Swimming is sometimes forbidden in areas without lifeguards, or because of the weather, the seas conditions or the presence of jellyfish or sharks. In areas exposed to the risk of sharks, it is generally recommended not to swim at dawn or dusk, near river mouths or after heavy rain. Don’t go into sailing areas or watersport areas (surfing, windsurfing, jet-ski, etc.) to avoid the risk of a collision.
More and more countries are aware of the need to protect their coral reefs and so set up regulated areas. Respect the regulations and don’t enter the totally protected areas. We do our best to point them out in our destination pages, but ask for more information on site. Similarly, the access to some areas listed as marine parks or reserves is subject to payment of an entrance fee. By respecting this obligation, you are helping to preserve the undersea world.
Depending on the area you visit, you might come across jellyfish, red lionfish, stonefish, fire coral, sea urchins, stingrays, sea snails, etc. These species are generally not aggressive but can cause stings, bites, burning sensations or electrocution of a more or less serious kind. Learn to recognize them and, generally speaking, you will avoid most accidents if you do not put your feet on the seabed and if you refrain from touching or picking anything up.

Remember that, fortunately, the ocean is still a natural and wild environment, and so is always unpredictable.

(On each Snorkeling Report destination page you can see the dangers that have been recorded by our members. This information is not exhaustive).

Snorkeling levels

We have defined a snorkeling level (beginner, intermediate or advanced) for each spot published on the website. These levels are based on different parameters, as water depth, currents, waves, water entrance and potential hazards.


These snorkeling spots are accessible to beginners and kids. You will enter the water gradually from a beach, or in a less than 3ft. deep area. The sea is generally calm, shallow, with almost no waves or currents. These spots are usually located in marked and/or monitored swimming areas. It is not necessary to swim long distances to discover the sea life.

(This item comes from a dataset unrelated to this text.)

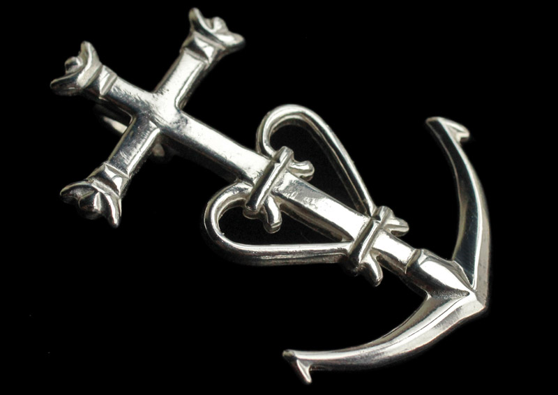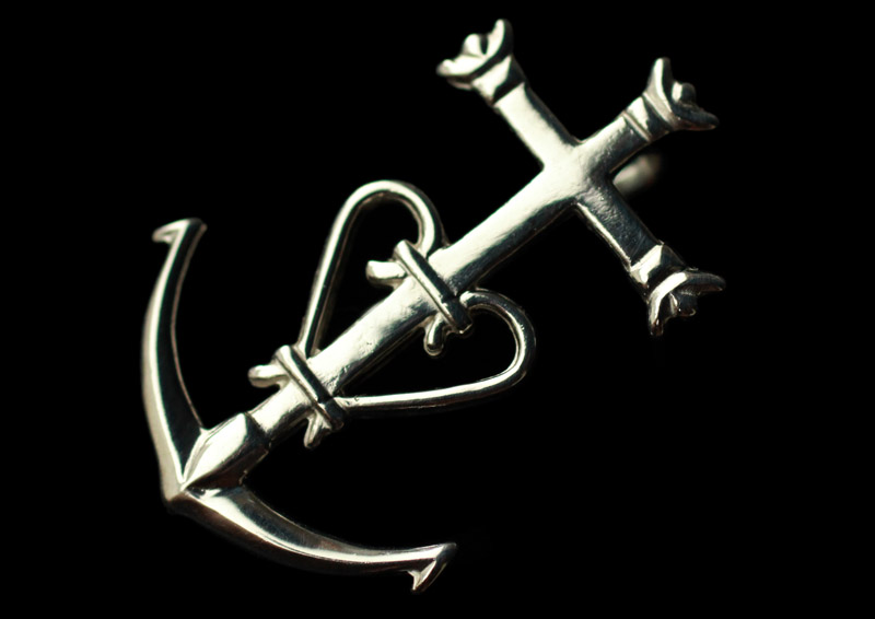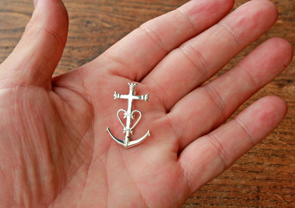 信仰を表す十字架、希望を表す錨、愛を表すハートを組み合わせた南仏カマルグのシンボル、クロワ・カマルゲーズ(カマルグ十字)。縦 30ミリメートル、横 21ミリメートルと大きなサイズで、細部まで丁寧に作った美麗な品物です。クロス、メダイ等の素材として最も高級な 925シルバー(純度92.5パーセントのスターリング・シルバー)できており、手に取ると心地よい重みを感じます。

These spots are accessible to anyone with basic snorkeling skills, and feeling comfortable in the water and with his snorkeling gear. You will enter the water from the shore (beach, pontoon, ladder, rocks) or from a boat. The water height in the sea entrance area is reasonable, but you will not necessarily be within your depth. Moderate currents can occur in the area, even when the sea conditions are good. The distance to swim to reach the most interesting snorkeling areas of the spot does not exceed 200 meters.

Snorkeling freediving

These spots are only recommended to good swimmers, in good physical conditions, and with excellent snorkeling skills. These spots can experience currents, moderate waves, important depths, tight or narrow passages, or tricky water entrance, and can be located near hazardous areas (channels, boat traffic, strong currents…). The distance to swim to reach the most interesting snorkeling areas can be important – up to 500 meters. The “advanced” category includes drift snorkeling (transported by currents) and snorkeling off the coast.

These levels only apply when the spot experiences optimal sea and/or weather conditions. They are not applicable if the sea and/or weather conditions deteriorate, in particular in the presence of rough sea, rain, strong wind, unusual current, large tides, waves and/or swell. You can find more details about the definition of our snorkeling levels on our snorkeling safety page.


The data contained in this website is for general information purposes only, and is not legal advice. It is intended to provide snorkelers with the information that will enable them to engage in safe and enjoyable snorkeling, and it is not meant as a substitute for swim level, physical condition, experience, or local knowledge. Remember that all marine activities, including snorkeling, are potentially dangerous, and that you enter the water at your own risk. You must take an individual weather, sea conditions and hazards assessment before entering the water. If snorkeling conditions are degraded, postpone your snorkeling or select an alternate site. Know and obey local laws and regulations, including regulated areas, wildlife interaction and dive flag laws.